Listed entries
* * * * * * *

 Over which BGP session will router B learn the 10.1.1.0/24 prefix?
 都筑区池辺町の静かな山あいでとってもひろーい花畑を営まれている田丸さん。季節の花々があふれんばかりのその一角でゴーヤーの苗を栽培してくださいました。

* * * * * * *

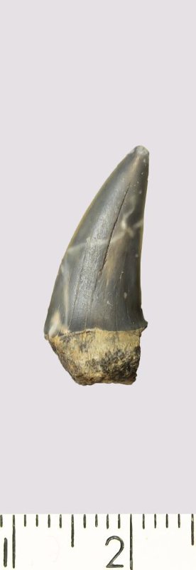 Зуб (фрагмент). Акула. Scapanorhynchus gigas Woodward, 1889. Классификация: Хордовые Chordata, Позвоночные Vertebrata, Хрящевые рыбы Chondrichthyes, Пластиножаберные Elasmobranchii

* * * * * * *

Exercise prompt
Starting with the line with "Over which BGP" above and going on through the line with "都筑区池辺町の静かな山あいで", transcribe every line exactly, both ends included, and add nothing.

Response below
 Over which BGP session will router B learn the 10.1.1.0/24 prefix?
 都筑区池辺町の静かな山あいでとってもひろーい花畑を営まれている田丸さん。季節の花々があふれんばかりのその一角でゴーヤーの苗を栽培してくださいました。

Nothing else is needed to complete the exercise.